--- START ---

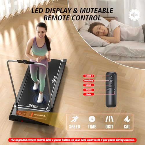 - & – Intelligent voice control is one of our features, you can control the smart treadmill with your hands free, in addition we offer a remote control with a wrist strap, you can also pair with our fitness app to control the walking treadmill! LED display clearly shows time, speed, distance, and calories for better tracking your sports performance in real time, and make your exercise data clear at a glance
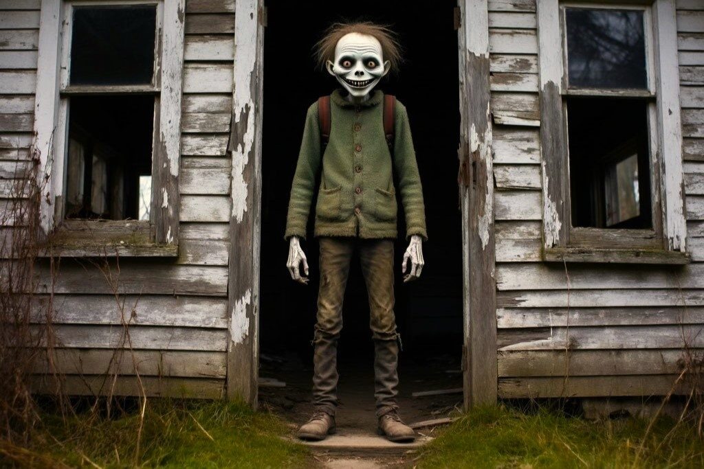 Он повернул голову. На шее — тёмные следы пальцев. А за спиной, в тени дерева, что‑то шевелилось. Что‑то высокое, с длинными руками и головой, наклонённой под неестественным углом.
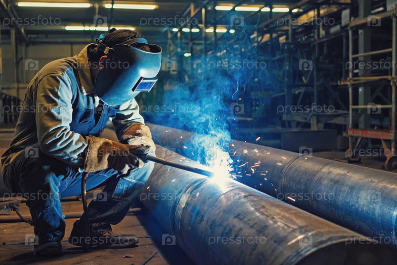 Generative Man сварщик, занимающийся сваркой на большой трубе, рабочий на мануфактуре AI
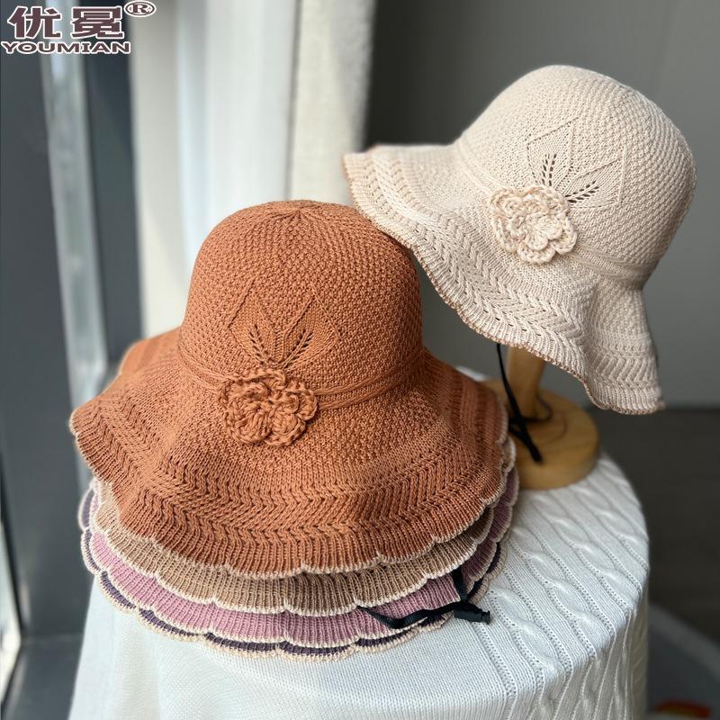 Summer outdoor breathable sunscreen bucket hat women's big eaves show face small elegant versatile sun hat
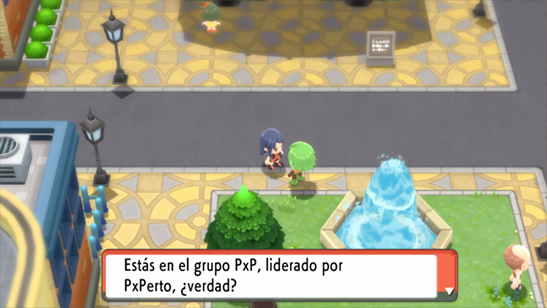Un chico junto a la fuente de Ciudad Jubileo te permite crear o unirte a un grupo de jugadores en la Sala Unión.
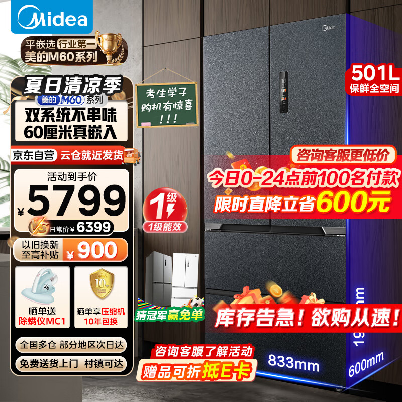美的(Midea)M60超薄系列501升法式多门电冰箱零嵌入式变频家用双系统双循环大容量风冷冰箱MR-526WUFPZE[热销]价格:6399.00元!
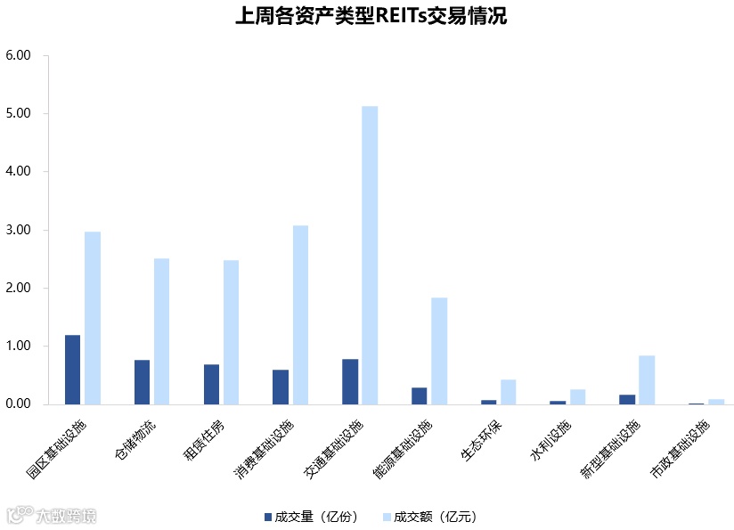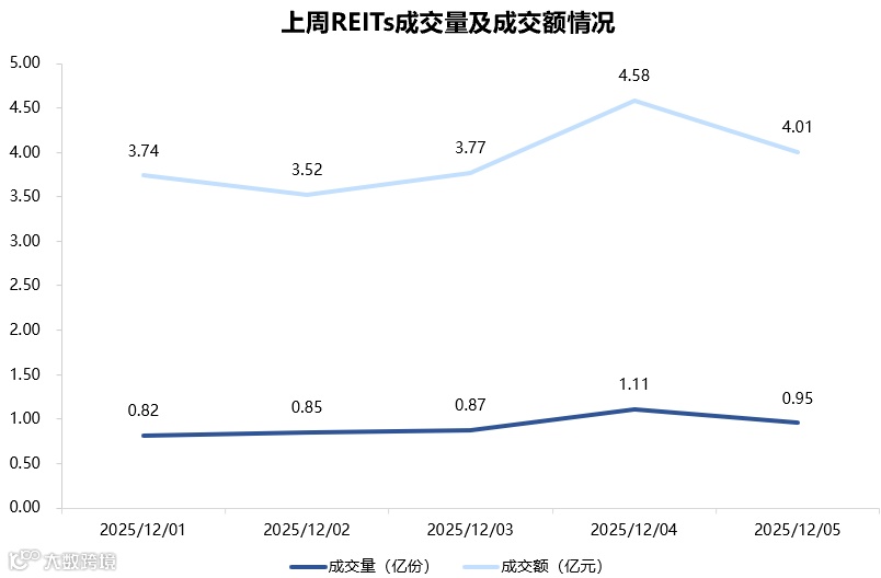 图表5▼上周REITs成交量及交额情况

--- END ---

## Exercise
Where a record holds a picture, skip the picture and copy everything else exactly.

## Completed exercise
 - & – Intelligent voice control is one of our features, you can control the smart treadmill with your hands free, in addition we offer a remote control with a wrist strap, you can also pair with our fitness app to control the walking treadmill! LED display clearly shows time, speed, distance, and calories for better tracking your sports performance in real time, and make your exercise data clear at a glance
 Он повернул голову. На шее — тёмные следы пальцев. А за спиной, в тени дерева, что‑то шевелилось. Что‑то высокое, с длинными руками и головой, наклонённой под неестественным углом.
 Generative Man сварщик, занимающийся сваркой на большой трубе, рабочий на мануфактуре AI
 Summer outdoor breathable sunscreen bucket hat women's big eaves show face small elegant versatile sun hat
Un chico junto a la fuente de Ciudad Jubileo te permite crear o unirte a un grupo de jugadores en la Sala Unión.
美的(Midea)M60超薄系列501升法式多门电冰箱零嵌入式变频家用双系统双循环大容量风冷冰箱MR-526WUFPZE[热销]价格:6399.00元!
 图表5▼上周REITs成交量及交额情况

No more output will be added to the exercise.